Material provided Block Start

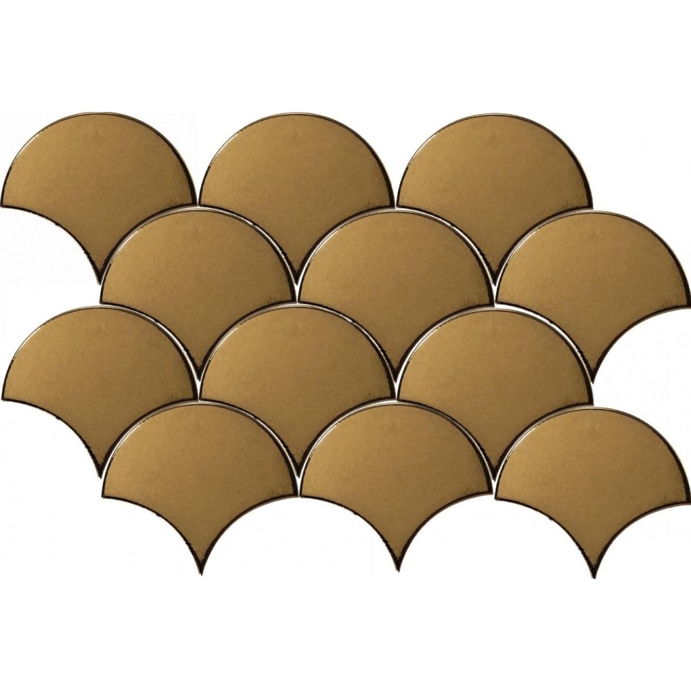 Испанская, глянцевая плитка 23842 Scale Fan Metallic 10,6х12 прямоугольной формы, размера 10.6x12, золотого цвета. Данный вид плитки, одноцветной, подойдет для стены Вашей ванной. Чтобы купить 23842 Scale Fan Metallic 10,6х12, сделайте заказ через корзину или по телефону .
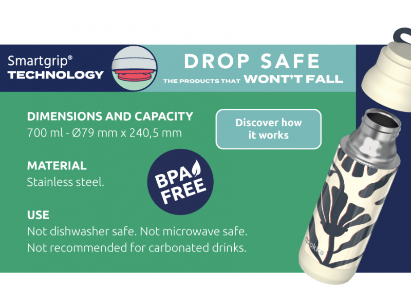 Termoska Quokka Pulse z vysoce kvalitní dvoustěnné oceli se spolehlivým, 100% těsnicím uzávěrem udrží váš nápoj dle potřeby teplý či studený. Široké hrdlo umožňuje vložení kostek ledu. Termoska udrží teplotu studeného nápoje s ledem až 48 hodin, studeného nápoje až 16 hodin a teplého nápoje až 12 hodin. Silikonové poutko, které je zakomponované do víčka láhve, usnadňuje přenášení. Quokka Pulse je součástí kolekce lahví a hrnků Drop Safe se speciálním dnem Smartgrip®, které při postavení na hladký povrch brání převržení a nechtěnému vylití obsahu láhve. Tvar láhve je vhodný do většiny držáků nápojů v autě. Objem: 700 ml Rozměry: 240 x 79 mm Nerezový materiál neabsorbuje pachy a neobsahuje BPA. Termoska není vhodná do myčky ani mikrovlnné trouby.
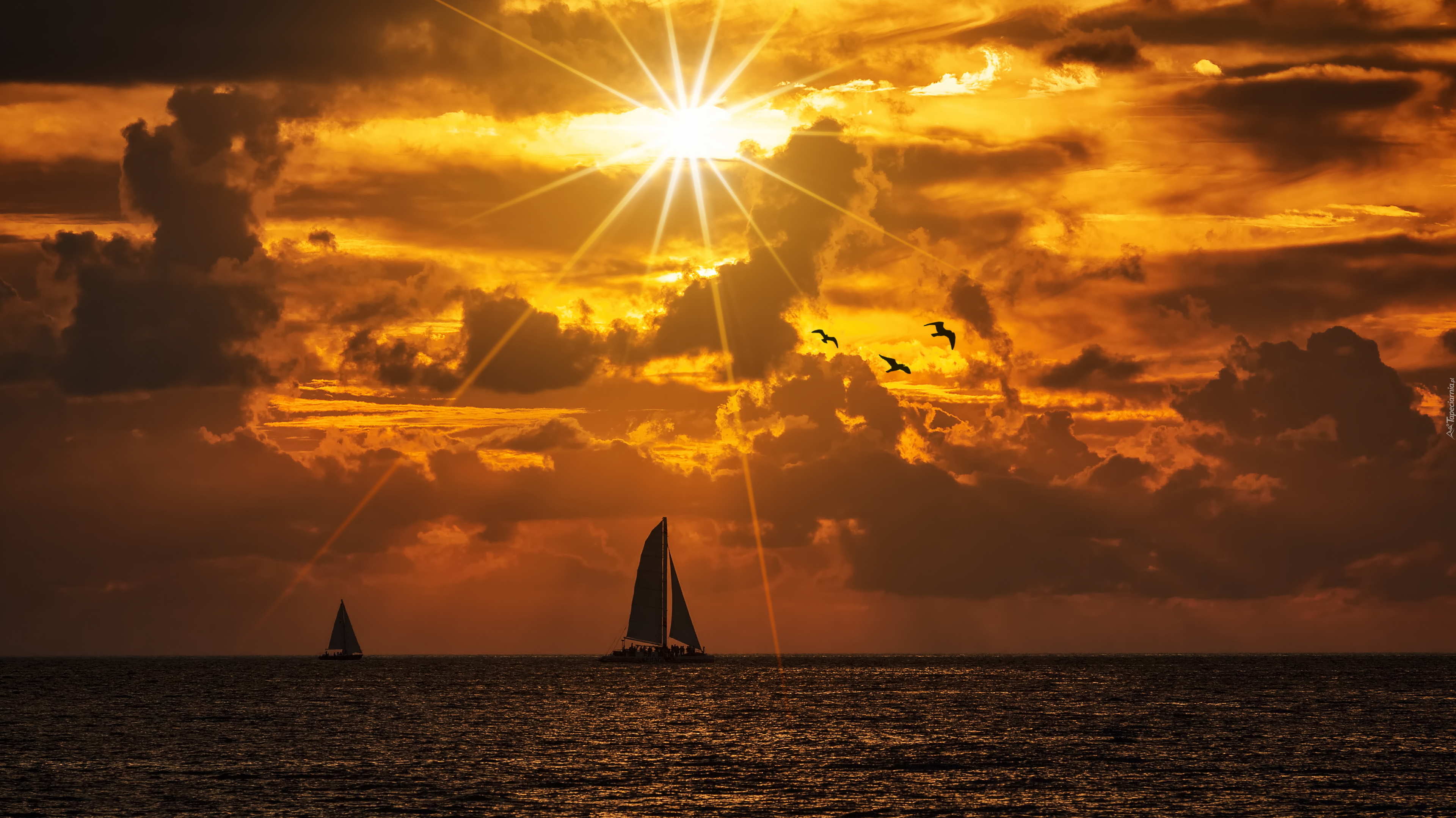 Edytor tapety: Żaglówki na morzu i zachód słońca w tle
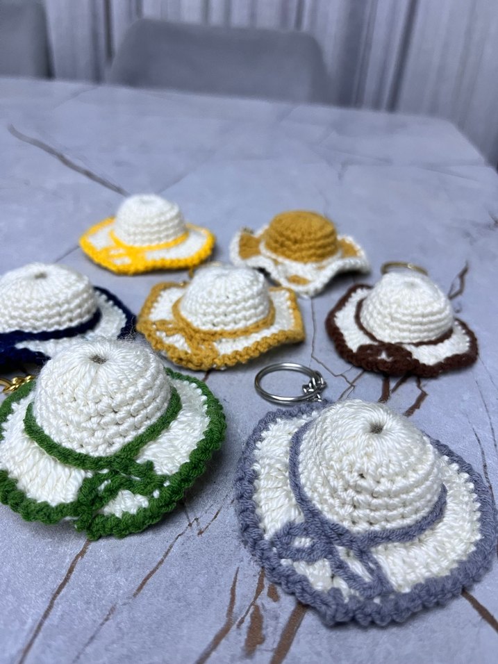 Renkli örgü bohem şapka şeklinde anahtarlıklar, anahtarlarınıza rahat ve retro bir hava katar.
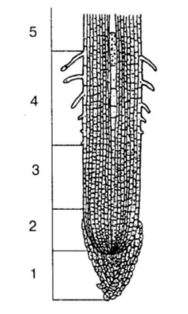 Какие структуры и зоны корня обозначены на рисунке цифрами 1, 3, 5? Какие функции они выполняют? Повреждение какой зоны корня (2–5) прекращает рост корня в длину? Ответ поясните.
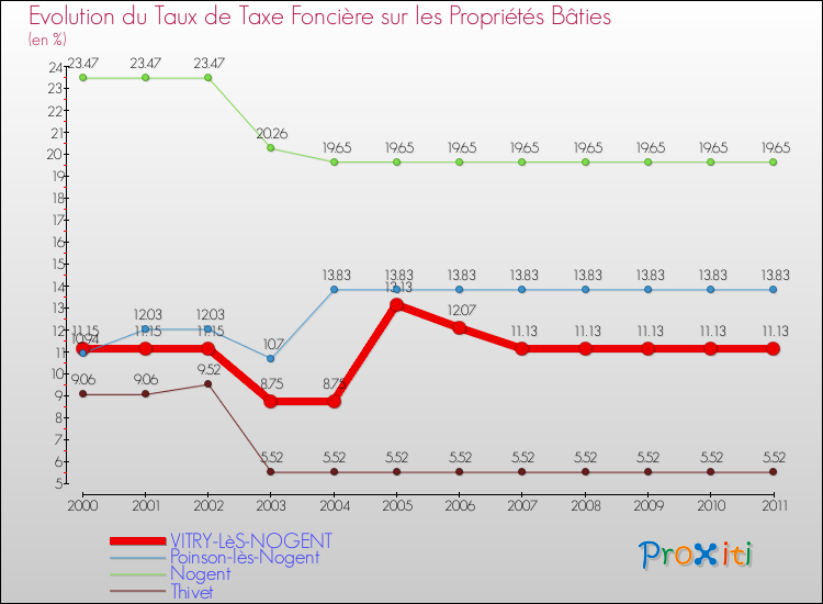 A Vitry-lès-Nogent, le taux de taxe foncière sur le bâti a donc baissé de 0.18 % entre 2000 et 2011.
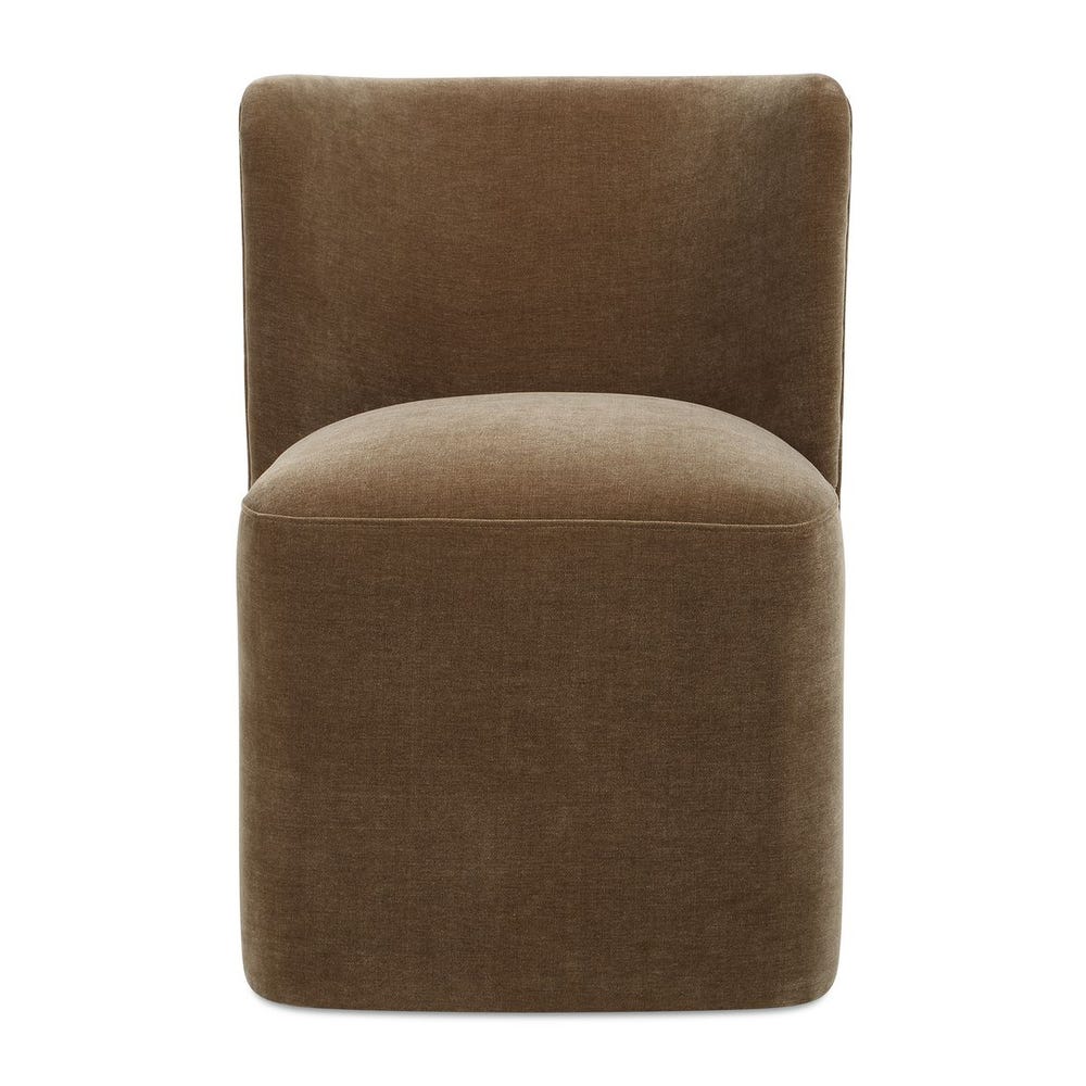The Outlook Dining Chair blends modern design with elegant sophistication, featuring a distinctive wrap-around back with gracefully inverted angles that invite comfort and style. Upholstered in a sumptuous truffle distressed velvet, this chair offers a tactile richness and depth of color that enhances any dining space. Its refined silhouette and plush cushioning provide a luxurious seating experience, making it an ideal choice for those who appreciate contemporary aesthetics paired with timeless comfort. Perfect for elevating both everyday meals and special gatherings with an understated yet striking presence.
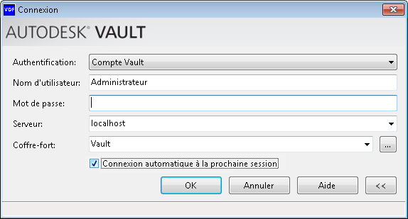 La boîte de dialogue de connexion permet à l'utilisateur d'effectuer une sélection à partir d'une liste des coffres-forts disponibles sur un serveur spécifique.
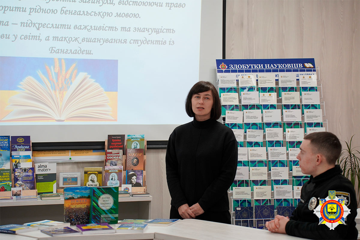 Бібліотекарка Тетяна Завалєй розповіла про історію свята, наголосивши, що мова є духовним кодом нації, її пам’яттю та силою. Також вона представила тематичну книжкову виставку «Мова – ДНК нації».
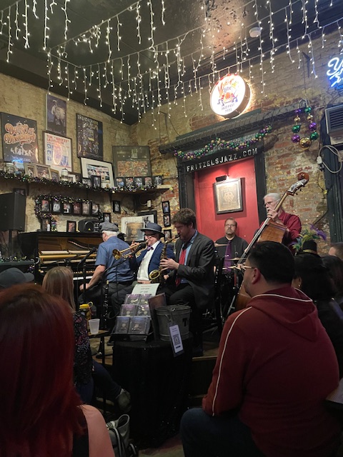 The last thing I did on Friday, besides walking back to the hotel, was to revisit Fretzel’s European Jazz Club and try to listen to some more jazz. I was seated, but Max, whom I had never met before and soon left, waved me to a better seat beside him. I was given a menu and was required to buy a drink, a beer, which I sipped as I had enough drinks for the night. The music was familiar; one tune was from a Disney film and was a favorite: Down in New Orleans.

Material provided Block End

Make an exact copy of the lines above, beginning with the line with "La boîte de" and ending with the line with "Бібліотекарка Тетяна Завалєй", and keep the pictures out of it.

 La boîte de dialogue de connexion permet à l'utilisateur d'effectuer une sélection à partir d'une liste des coffres-forts disponibles sur un serveur spécifique.
 Бібліотекарка Тетяна Завалєй розповіла про історію свята, наголосивши, що мова є духовним кодом нації, її пам’яттю та силою. Також вона представила тематичну книжкову виставку «Мова – ДНК нації».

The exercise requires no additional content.